* DATA PROVIDED *
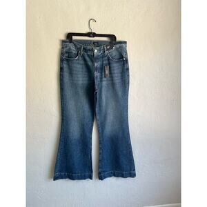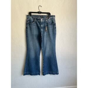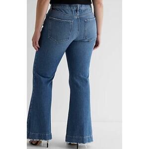 Express Woman Mid Rise Medium Wash Raw Hem '70s Flare Jeans, 14 R
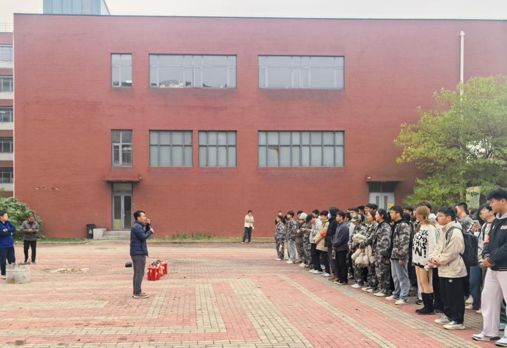 工程训练中心成立专项工作组,结合机械加工、焊接实训等车间的安全风险点,制定《消防应急演练实施方案》,明确职责分工。演练前,各车间指导教师通过实训课前宣讲,向学生讲解火灾逃生路线、灭火器使用原理、疏散要领等知识。演练过程中,实训教师引导学生按照制定路线迅速撤离,引导学生避开设备密集区域及狭窄通道。在演练中,所有人员安全撤离至楼前开阔地带,各班组迅速清点人数并向指挥组汇报,确认无人员遗漏。
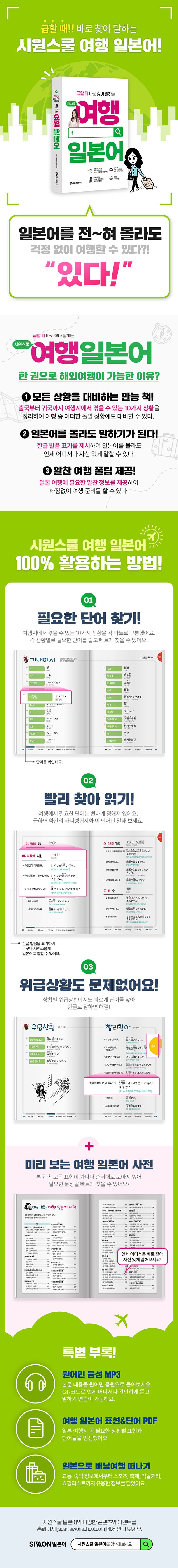 ≪시원스쿨 여행 일본어≫는 일본 여행에서 겪을 수 있는 유용한 상황별 필수 단어와 표현들을 크게 10가지 상황으로 분류하여 정리한 도서이다. 여행 준비부터 귀국까지 여행 전반에 도움이 되는 일본 입국 정보, 유용한 앱 추천 등 알찬 정보를 수록했다. 또한 일본어를 모르는 독자를 위해 의사소통에 어려움이 없도록 한글 발음 표기는 물론 원어민 MP3와 여행일본어 표현&단어 PDF를 부가자료로 제공하였다.

* ASSIGNED TASK *
Please print the lines exactly, from the top of the material through the line with "工程训练中心成立专项工作组,结合机械加工", and omit the pictures.

* ANSWER *
 Express Woman Mid Rise Medium Wash Raw Hem '70s Flare Jeans, 14 R
 工程训练中心成立专项工作组,结合机械加工、焊接实训等车间的安全风险点,制定《消防应急演练实施方案》,明确职责分工。演练前,各车间指导教师通过实训课前宣讲,向学生讲解火灾逃生路线、灭火器使用原理、疏散要领等知识。演练过程中,实训教师引导学生按照制定路线迅速撤离,引导学生避开设备密集区域及狭窄通道。在演练中,所有人员安全撤离至楼前开阔地带,各班组迅速清点人数并向指挥组汇报,确认无人员遗漏。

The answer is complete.